• **Required action**
For the records below, output word for word the lines from the one with "Features: Pink roses, pink" up to and including the one with "2、在单词列表,点击【学练一体】,进入单词综合学习模式。". No pictures.

--- Data for analysis ---

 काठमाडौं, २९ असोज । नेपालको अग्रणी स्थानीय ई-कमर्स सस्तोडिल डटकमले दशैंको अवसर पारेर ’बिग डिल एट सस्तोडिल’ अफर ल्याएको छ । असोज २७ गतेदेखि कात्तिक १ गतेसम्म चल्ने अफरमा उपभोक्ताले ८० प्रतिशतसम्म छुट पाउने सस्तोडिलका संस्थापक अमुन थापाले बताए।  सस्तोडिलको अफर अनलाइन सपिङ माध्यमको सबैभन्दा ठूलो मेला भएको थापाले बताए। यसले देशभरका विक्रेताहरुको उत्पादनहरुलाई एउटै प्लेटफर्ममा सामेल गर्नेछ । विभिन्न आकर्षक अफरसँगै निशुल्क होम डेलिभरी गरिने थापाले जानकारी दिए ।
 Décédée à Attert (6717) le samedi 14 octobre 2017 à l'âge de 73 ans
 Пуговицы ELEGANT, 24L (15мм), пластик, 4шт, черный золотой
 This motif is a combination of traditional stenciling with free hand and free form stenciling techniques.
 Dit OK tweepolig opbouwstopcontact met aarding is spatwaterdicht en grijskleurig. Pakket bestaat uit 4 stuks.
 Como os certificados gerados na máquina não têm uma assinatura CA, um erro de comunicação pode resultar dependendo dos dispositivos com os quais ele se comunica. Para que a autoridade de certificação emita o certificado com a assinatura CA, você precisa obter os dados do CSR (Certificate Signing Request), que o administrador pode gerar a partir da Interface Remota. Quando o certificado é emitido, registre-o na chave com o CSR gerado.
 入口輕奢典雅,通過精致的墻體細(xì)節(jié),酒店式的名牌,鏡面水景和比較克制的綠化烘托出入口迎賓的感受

---
--- Data for analysis ---

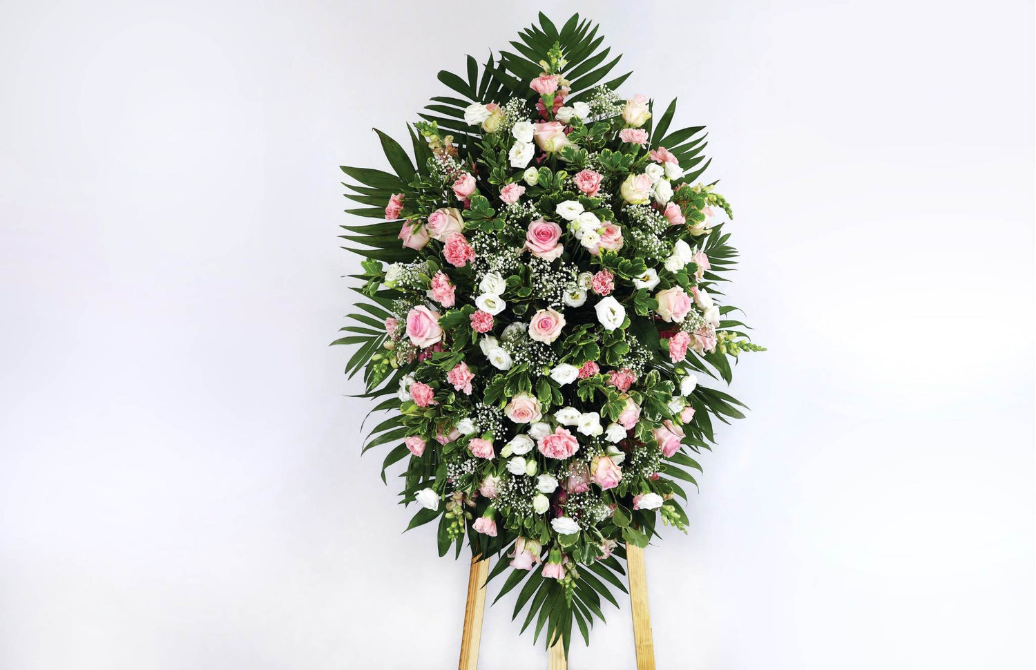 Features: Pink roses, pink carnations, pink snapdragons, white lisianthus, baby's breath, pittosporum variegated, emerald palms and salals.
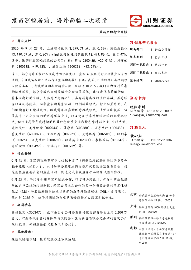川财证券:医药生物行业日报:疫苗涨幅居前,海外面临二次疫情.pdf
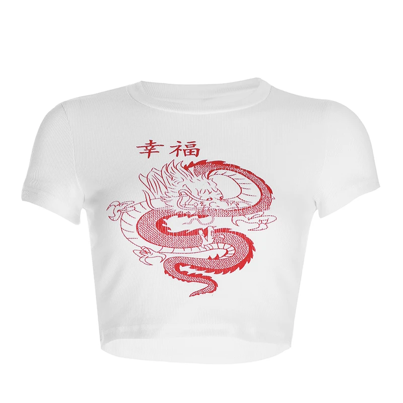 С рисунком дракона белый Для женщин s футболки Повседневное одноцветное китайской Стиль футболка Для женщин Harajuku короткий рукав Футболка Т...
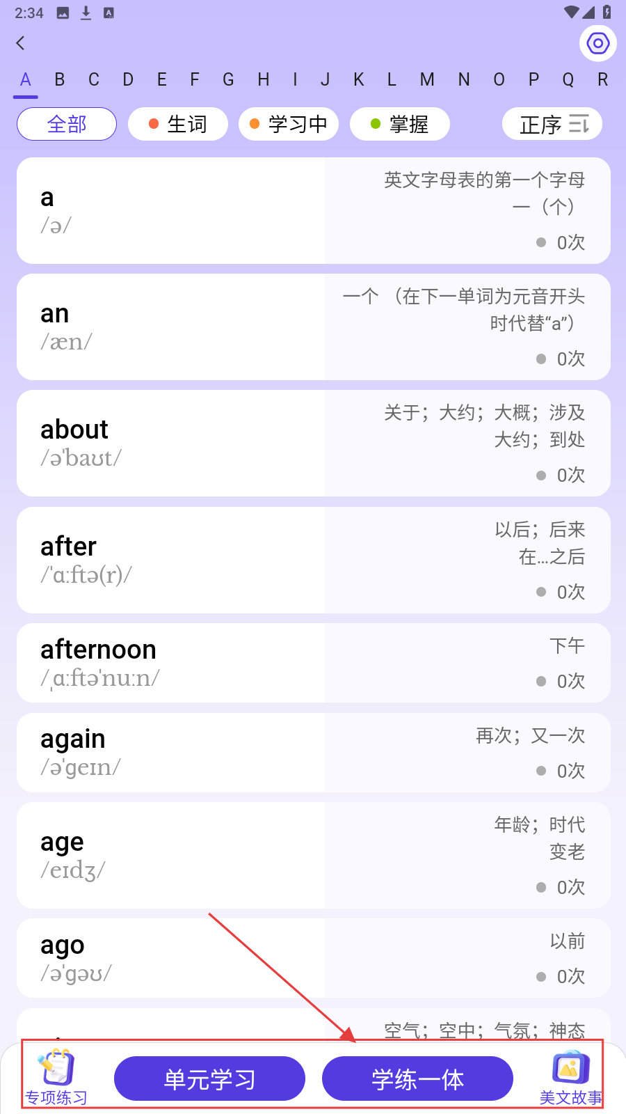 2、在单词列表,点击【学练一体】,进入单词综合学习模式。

---

• **Task solution**
 Features: Pink roses, pink carnations, pink snapdragons, white lisianthus, baby's breath, pittosporum variegated, emerald palms and salals.
川财证券:医药生物行业日报:疫苗涨幅居前,海外面临二次疫情.pdf
 С рисунком дракона белый Для женщин s футболки Повседневное одноцветное китайской Стиль футболка Для женщин Harajuku короткий рукав Футболка Т...
 2、在单词列表,点击【学练一体】,进入单词综合学习模式。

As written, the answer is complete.